Hacker News new | ask | show | jobs
by tyfon 1166 days ago
I've been testing quite a few of these models lately. For me, the absolute best is still the 65B 4-bit quantized llama model with the correct prompt and parameters, both for programming, language and general questions.

I am actually getting about 2 tokens/second with the latest llama.cpp using 16 threads on a 5950x with 64 gb of ram. 16 threads seems to be the sweet spot, any higher and it slows down, any lower and it is less consistent in the time to produce a token.

I am 100% convinced that the AI "market" will be a local thing. Running this and having access to all the information stored in the weights easily and without internet is just so great I think :)

Edit: the responding to itself "bug" is most likely an issue with the prompt you issue. The recent llama.cpp has a good starting point in the examples/chat-13b.sh I am using a modified version of that where I set the 65B model, change the moscow stuff to cairo and the node.js to a small C program.

4 comments

Sounds like you've had some more success w/ w/ raw LLaMA - would def be interested in how you're prompting it.

BTW, for those interested (looks like the markdown rendering is a bit messed up) but here are some notes I'm taking for some of the nuts and bolts for the local models I'm running: https://mostlyobvious.org/?link=%2FReference%2FSoftware%2FGe...

So I didn't see this before today, I will respond anyway and the siblings can also see. There is quite a big difference between the 65B model and especially the 13B and 7B models.

But here is the bash script[0] I launch my "go to" AI, it's called Omnius :)

As written in the previous comment, it is a modified version of the examples/chat-13b.sh that is included in the llama.cpp github.

[0] https://pastebin.com/SeKE3Uac

Ah thanks a lot, I tried out the llama.cpp examples before the k-shot chat prompts, this is definitely much better!

I have a 5950X as well, but sadly, token generation is a bit too slow for me now. (I've had turbo turned off for efficiency as well, but maybe I'll see if the extra cycles helps).

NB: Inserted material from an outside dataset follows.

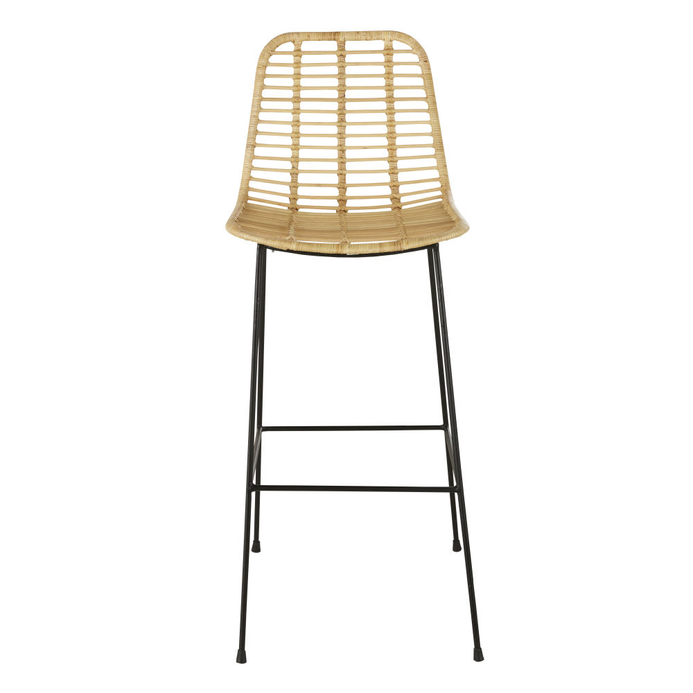 Barstuhl aus Rattangeflecht und schwarzem Stahl H65 von Maisons du Monde

I'm giving 30B a try on my GPU now with https://github.com/oobabooga/text-generation-webui/wiki/LLaM... and if it's not good then will give layer offloading with 65B a try and see if I can get it running well.

super helpful, thank you.
How do you talk to llama? It doesn't respond to instructions, so it's a bit complicated to have it extract keywords and/or summarize texts. Can you please share examples of llama prompts?
See my sibling comment for a bash script to launch it :)

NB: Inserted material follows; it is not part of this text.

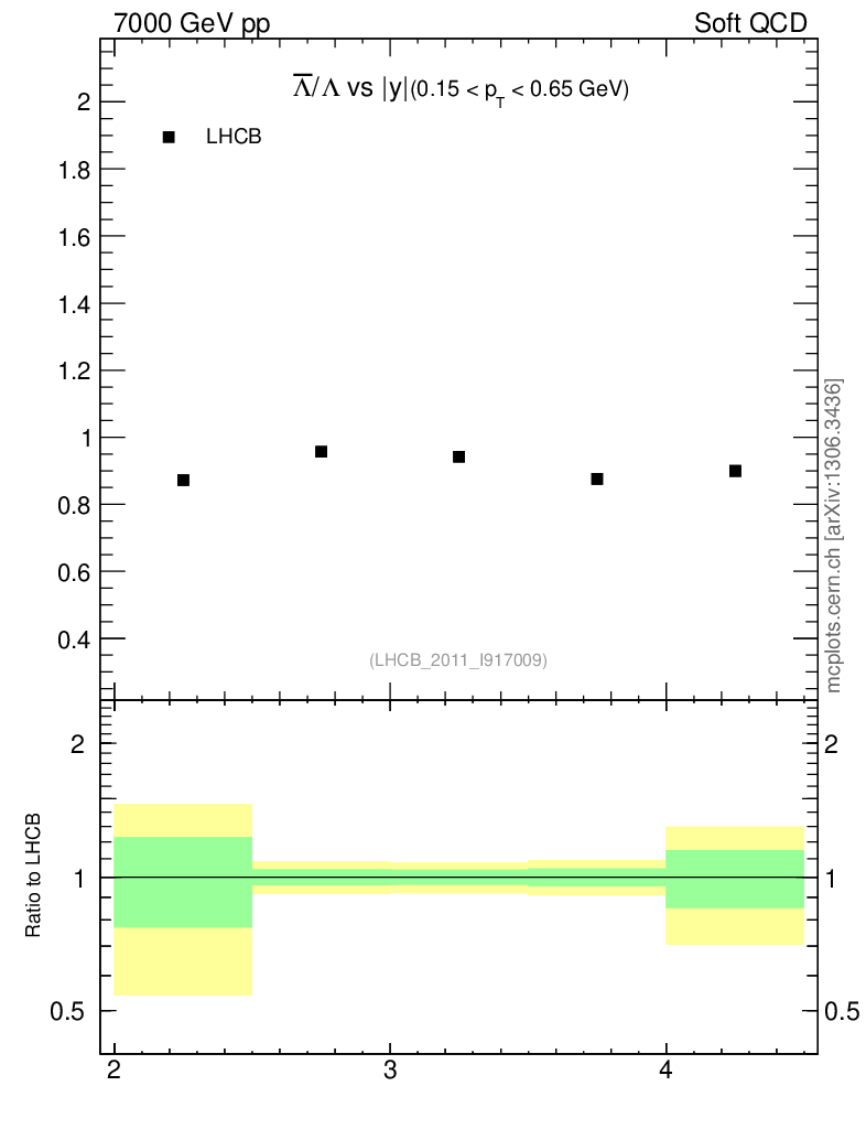 Soft QCD (inelastic) : Identified Particles : Ratios : Λbar/Λ vs |y|

Edit: I have not tried to use it for extracting keywords / summarizing text. Perhaps I shall experiment a bit with it.

Ah yes I can see the prompt. It's very verbose. I'll try to figure out how to use a verbose prompt to make llama extract keywords/summarize.
I really want to try out the 65B model, I hear great things! Sadly none of my computers can handle it, slightly tempted to get more RAM but I’m on a 8 core i7.
I just bought another 64 for my computer that will arrive in the mail after easter. That will allow me to run the full 65B FP16 model, however it will probably be much slower than the 4 bit quantized version as it has to do more math.

My biggest hope in the end is that we will get a library that can utilize the unified memory model of the AMD platform and run these things with a combination of system ram and GPU. I think intel also has something similar in their platforms.

Not sure how well llama.cpp runs with 8 cores and so big weights though, I am really pushing how usable it is due to speed with my 5950x already.

Perhaps we'll even get dedicated AI boards in the end, much like GPUs today.

Could you share your prompts and parameters? I tried it and I didn't really seem to get much better results than ChatGPT or others.